Data for review
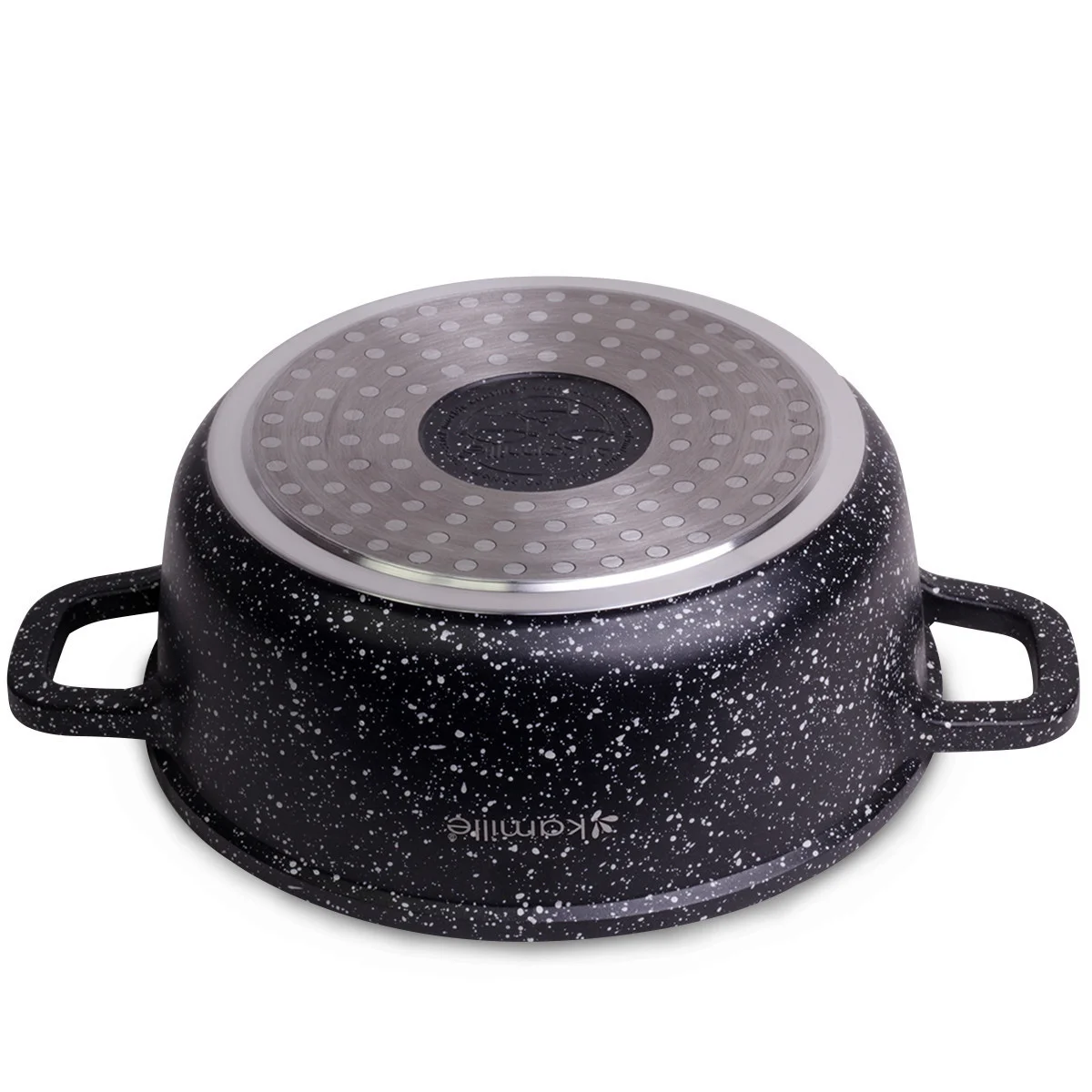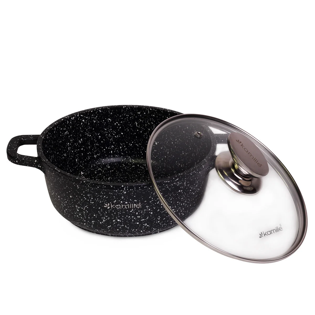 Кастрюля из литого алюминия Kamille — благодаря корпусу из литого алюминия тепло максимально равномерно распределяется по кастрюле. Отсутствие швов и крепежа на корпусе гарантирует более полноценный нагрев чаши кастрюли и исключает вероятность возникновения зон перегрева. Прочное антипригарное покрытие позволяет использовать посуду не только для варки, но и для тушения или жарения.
...
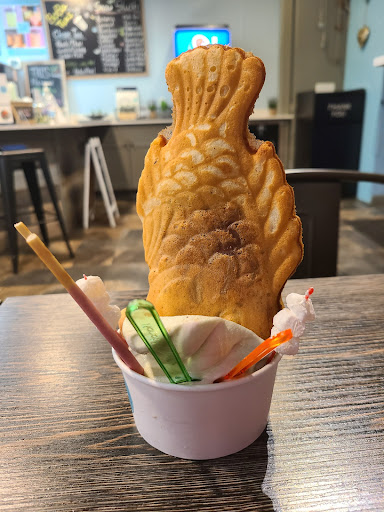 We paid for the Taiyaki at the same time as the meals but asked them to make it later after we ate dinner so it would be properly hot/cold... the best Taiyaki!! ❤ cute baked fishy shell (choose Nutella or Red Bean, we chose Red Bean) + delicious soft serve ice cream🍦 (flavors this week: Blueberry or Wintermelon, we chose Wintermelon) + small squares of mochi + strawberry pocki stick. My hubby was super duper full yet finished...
...
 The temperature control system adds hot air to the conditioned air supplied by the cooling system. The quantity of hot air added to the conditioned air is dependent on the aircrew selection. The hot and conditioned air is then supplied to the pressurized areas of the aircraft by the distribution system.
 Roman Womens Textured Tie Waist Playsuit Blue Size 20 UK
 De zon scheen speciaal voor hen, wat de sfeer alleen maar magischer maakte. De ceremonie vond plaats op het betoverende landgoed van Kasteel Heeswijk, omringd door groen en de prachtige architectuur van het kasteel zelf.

Task instructions
Your answer should consist only of the lines above between the line holding "The temperature control" and the line holding "De zon scheen", inclusive, each transcribed exactly.

Solved exercise
 The temperature control system adds hot air to the conditioned air supplied by the cooling system. The quantity of hot air added to the conditioned air is dependent on the aircrew selection. The hot and conditioned air is then supplied to the pressurized areas of the aircraft by the distribution system.
 Roman Womens Textured Tie Waist Playsuit Blue Size 20 UK
 De zon scheen speciaal voor hen, wat de sfeer alleen maar magischer maakte. De ceremonie vond plaats op het betoverende landgoed van Kasteel Heeswijk, omringd door groen en de prachtige architectuur van het kasteel zelf.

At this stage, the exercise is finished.